● EXERCISE DETAILS
Pictures excluded, return the lines below from the first through the line holding "My version of".

● DATA SHOWN
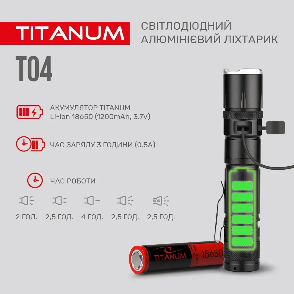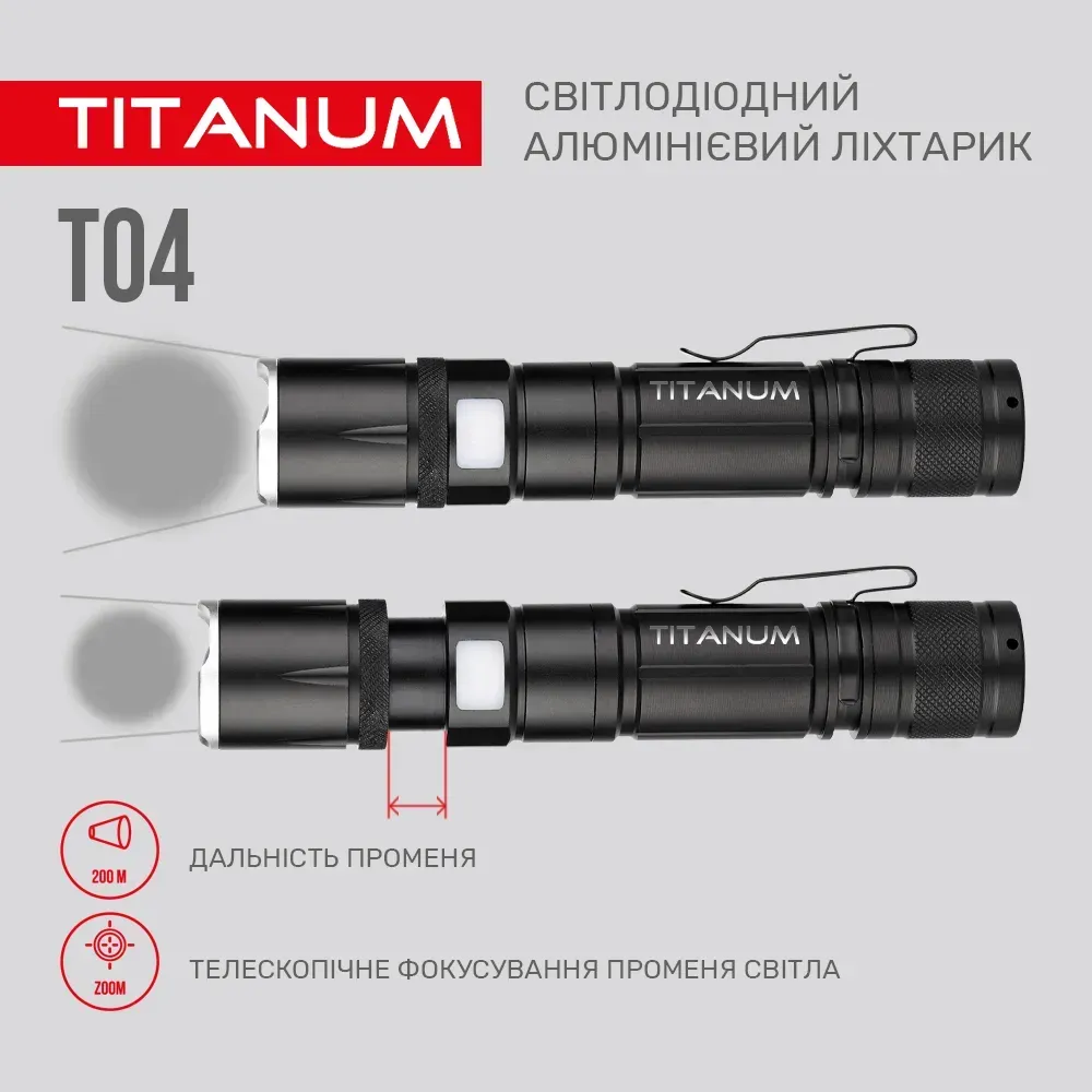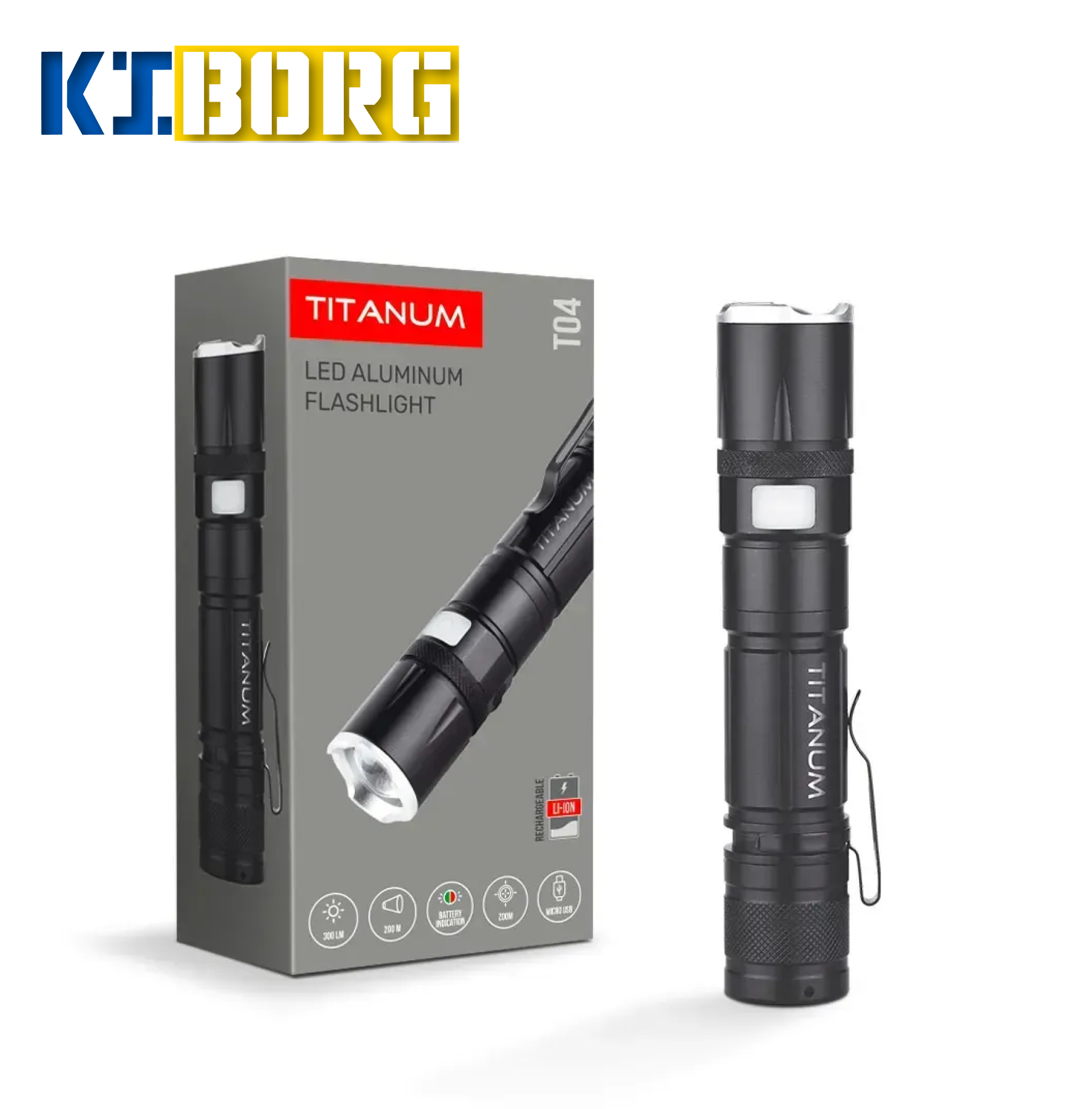 Портативний світлодіодний ліхтарик TITANUM TLF-T04 300Лм 6500K має зручну ергономічну форму, відмінно лежить в руці. Комплектується кліпсою за допомогою якої ліхтарик можна носити на рюкзаку, ремені, бейсболці та інших місцях, де це можливо Підходить для застосування у побуті, гаражі, риболовлі чи туризмі, зокрема для освітлення предметів, об’єктів чи зон, як в приміщеннях, так і на вулиці. Особливістю даної моделі є можливість регулювання фокусу променю світла та змінний акумулятор, який в разі потреби без проблем можна швидко змінити. Акумулятор йде в комплекті.
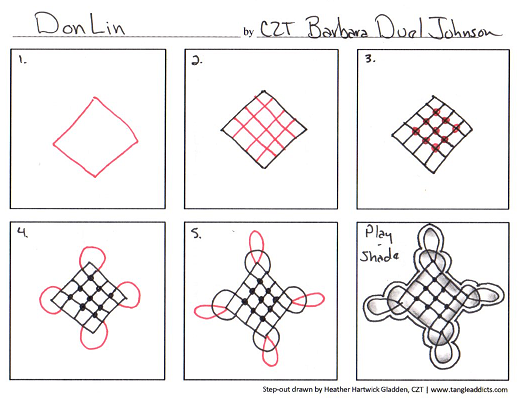 My version of the step-out is HERE. More inspiration from the tangle creator is over THERE.
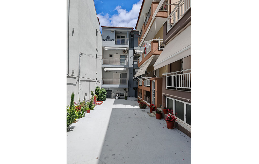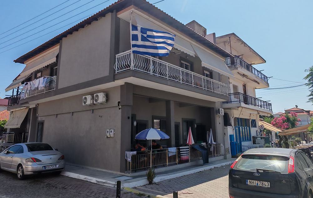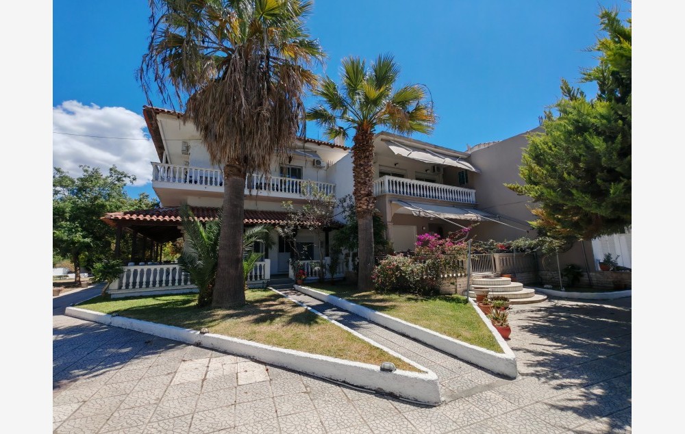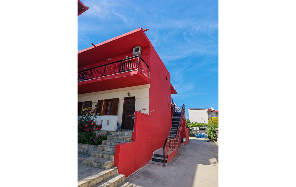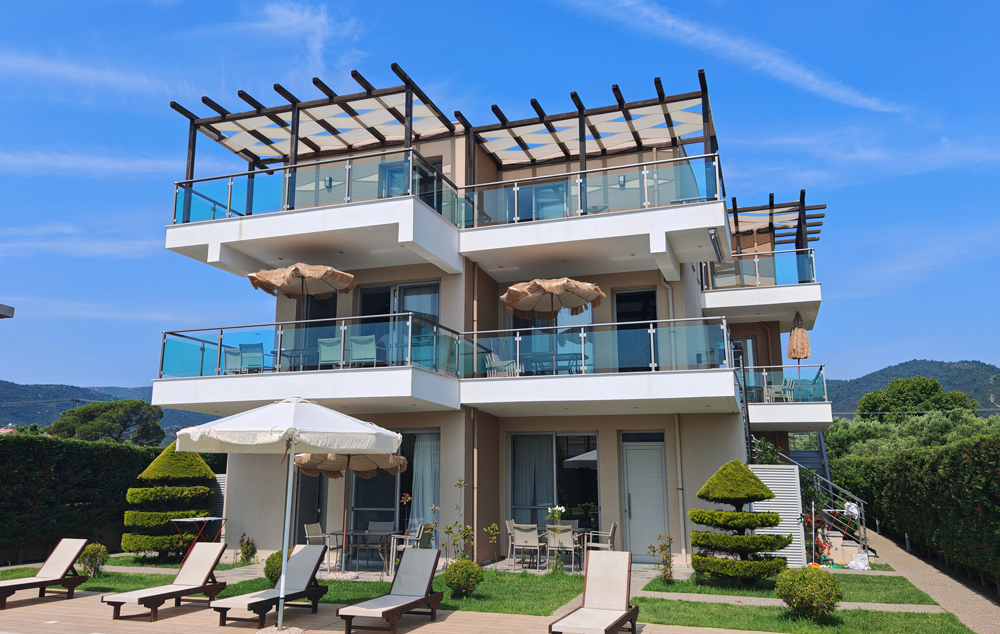 Vila Trifon sadrži studije i apartmane i nalazi se 30-ak metara od plaže u novom delu Sartija. Ova vila raspolaže četvorokrevetnim apartmanima kao i dvokrevetnim studijima. Svaki od apartmana poseduje osnovno opremljenu kuhinju: frižider, rešo, posuđe i escajg srazmerno broju ležajeva, kupatilo, terasu, TV i klima uređaj čije se korišćenje dodatno naplaćuje 5 eura po danu upotrebe. Tokom boravka gosti vile sami održavaju higijenu u apartmanima, dok se posteljina menja jednom u toku smene. U vili postoji i mogućnost korišćenja WiFi interneta.
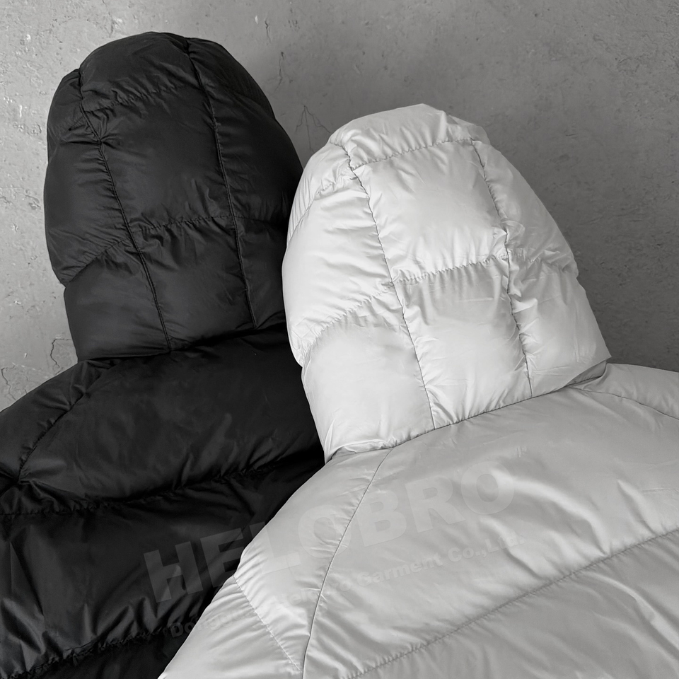 เสื้อแจ็คเก็ตพัฟเฟอร์ผู้ชายคอตั้งบุใยคุณภาพสูงแบบสั่งทำพิเศษ ทรงโอเวอร์ไซส์ ผ้าแคนวาสกันลม สำหรับฤดูหนาว ป้องกันแบคทีเรีย มีโลโก้ด้านหน้าแบบมีฮู้ด

● REPLY TO THE EXERCISE
 Портативний світлодіодний ліхтарик TITANUM TLF-T04 300Лм 6500K має зручну ергономічну форму, відмінно лежить в руці. Комплектується кліпсою за допомогою якої ліхтарик можна носити на рюкзаку, ремені, бейсболці та інших місцях, де це можливо Підходить для застосування у побуті, гаражі, риболовлі чи туризмі, зокрема для освітлення предметів, об’єктів чи зон, як в приміщеннях, так і на вулиці. Особливістю даної моделі є можливість регулювання фокусу променю світла та змінний акумулятор, який в разі потреби без проблем можна швидко змінити. Акумулятор йде в комплекті.
 My version of the step-out is HERE. More inspiration from the tangle creator is over THERE.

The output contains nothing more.